_TASK DETAILS_
Repeat the data that follows exactly, starting at the line with "Оставленный клиентами беспорядок" and ending at the line with "В процессе составления", and leave out every picture.

_DATA_
******

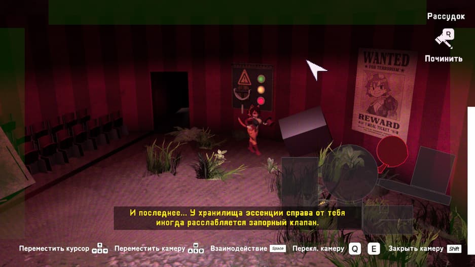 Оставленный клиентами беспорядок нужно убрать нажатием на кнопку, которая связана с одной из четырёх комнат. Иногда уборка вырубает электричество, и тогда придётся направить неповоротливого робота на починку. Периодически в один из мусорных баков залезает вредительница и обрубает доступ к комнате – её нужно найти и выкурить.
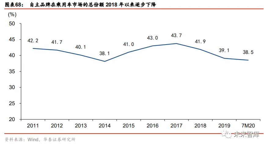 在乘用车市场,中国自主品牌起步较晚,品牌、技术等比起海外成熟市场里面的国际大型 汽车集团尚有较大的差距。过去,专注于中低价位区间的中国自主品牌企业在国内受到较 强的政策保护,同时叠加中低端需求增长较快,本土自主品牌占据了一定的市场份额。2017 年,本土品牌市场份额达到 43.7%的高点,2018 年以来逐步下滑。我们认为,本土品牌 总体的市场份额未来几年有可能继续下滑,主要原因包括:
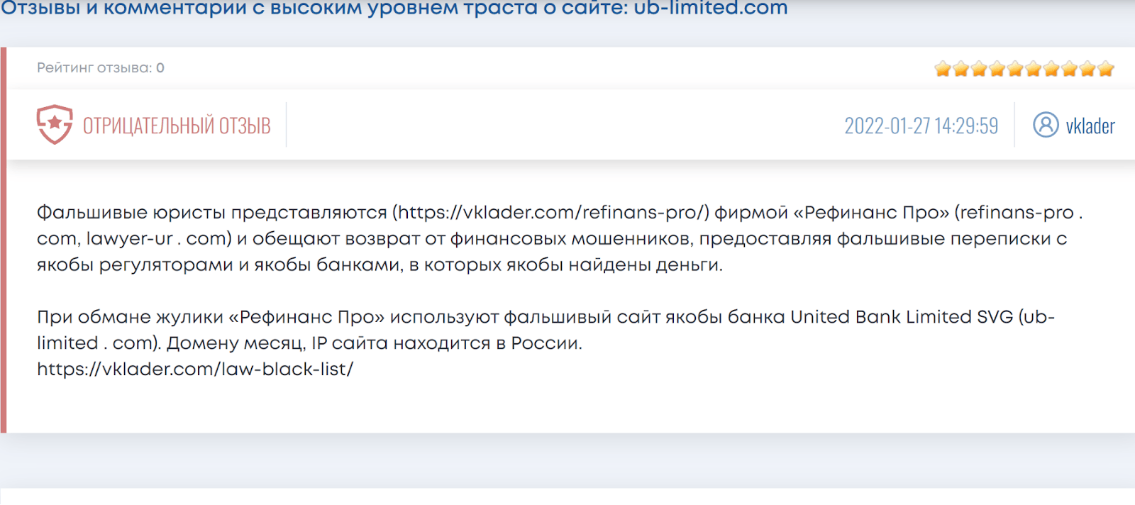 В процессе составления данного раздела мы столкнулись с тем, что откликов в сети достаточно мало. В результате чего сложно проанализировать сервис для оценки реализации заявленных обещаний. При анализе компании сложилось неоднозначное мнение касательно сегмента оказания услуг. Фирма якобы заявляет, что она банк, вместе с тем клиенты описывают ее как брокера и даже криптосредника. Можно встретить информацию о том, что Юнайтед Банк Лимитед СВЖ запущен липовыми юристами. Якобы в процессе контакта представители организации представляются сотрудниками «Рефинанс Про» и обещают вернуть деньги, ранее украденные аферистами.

******

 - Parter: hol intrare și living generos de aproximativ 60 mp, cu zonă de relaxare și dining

******

_ANSWER SPACE_
 Оставленный клиентами беспорядок нужно убрать нажатием на кнопку, которая связана с одной из четырёх комнат. Иногда уборка вырубает электричество, и тогда придётся направить неповоротливого робота на починку. Периодически в один из мусорных баков залезает вредительница и обрубает доступ к комнате – её нужно найти и выкурить.
 在乘用车市场,中国自主品牌起步较晚,品牌、技术等比起海外成熟市场里面的国际大型 汽车集团尚有较大的差距。过去,专注于中低价位区间的中国自主品牌企业在国内受到较 强的政策保护,同时叠加中低端需求增长较快,本土自主品牌占据了一定的市场份额。2017 年,本土品牌市场份额达到 43.7%的高点,2018 年以来逐步下滑。我们认为,本土品牌 总体的市场份额未来几年有可能继续下滑,主要原因包括:
 В процессе составления данного раздела мы столкнулись с тем, что откликов в сети достаточно мало. В результате чего сложно проанализировать сервис для оценки реализации заявленных обещаний. При анализе компании сложилось неоднозначное мнение касательно сегмента оказания услуг. Фирма якобы заявляет, что она банк, вместе с тем клиенты описывают ее как брокера и даже криптосредника. Можно встретить информацию о том, что Юнайтед Банк Лимитед СВЖ запущен липовыми юристами. Якобы в процессе контакта представители организации представляются сотрудниками «Рефинанс Про» и обещают вернуть деньги, ранее украденные аферистами.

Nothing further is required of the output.